На левом крыле жмутся друг к другу хилые и сгорбленные звездочеты. Разумеется, они не чета могучим капитанам королевского флота. Но все же польза от них есть: недаром же весь свет славит португальских космографов, недаром стремятся переманить их к себе короли Кастилии и Арагона.

Вот оторвался от стены ветхий – в чем только душа держится -местре Жозе. Семеня тощими ножками – с правой спустился черный чулок, – он пересек зал.

Король пошевелил бровью, и двое служителей бережно подхватили под руки местре Жозе и усадили его перед высоким троном на обтянутую красным бархатом скамеечку.

Местре Жозе невнятно отшептал какие-то ученые слова, а затем вполне членораздельно, обычным своим козлиным тенорком проговорил:

– Мы, ваше величество, не теряли здесь даром времени. Мои достопочтенные собратья (медленно и четко он перечислил их имена) составили карту путей, ведущих в те земли, откуда недавно возвратился якобы их открывший генуэзский моряк Христофор Колумб.

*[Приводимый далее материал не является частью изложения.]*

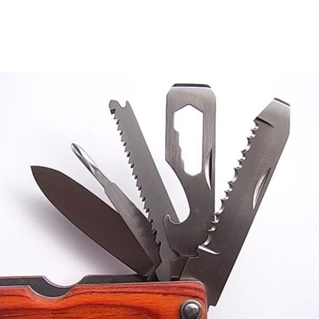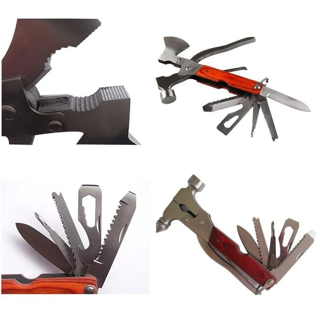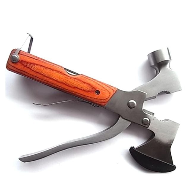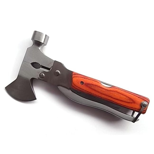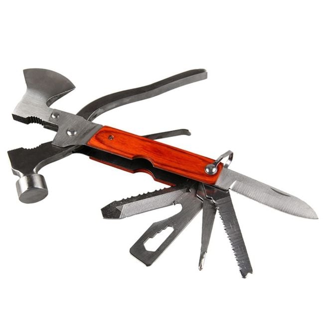 The multifunctional hammer also includes an axe, pliers, a knife, a screwdriver, a bottle opener, and a saw. It will be useful not only on the go but also at home.

Мы твердо надеемся, что эта карта поможет нашим испытанным капитанам и кормчим привести корабли вашего величества в ту часть моря– океана, которая по праву и по справедливости должна принадлежать Португалии.

Местре Жозе сидел у самых ног короля и речь свою держал, глядя на круто изогнутые носки королевских сапог. Но, зная, что королю будут приятны последние слова этой речи, он не удержался от искушения и заглянул в лицо своего повелителя.

Нет, это было не лицо, а маска, бесстрастная, холодная, мертвая. Незрячие глаза, запавшие щеки, рот приоткрыт, чуть приподнята верхняя губа, но король не улыбался, нет, ему было не до улыбок.

Король прекрасно слышал местре Жозе, каждое слово, сказанное этим старым, облезлым лисом, доходило до его ушей, но он внезапно утратил интерес и к чрезвычайному совету, и к далеким островам в море-океане.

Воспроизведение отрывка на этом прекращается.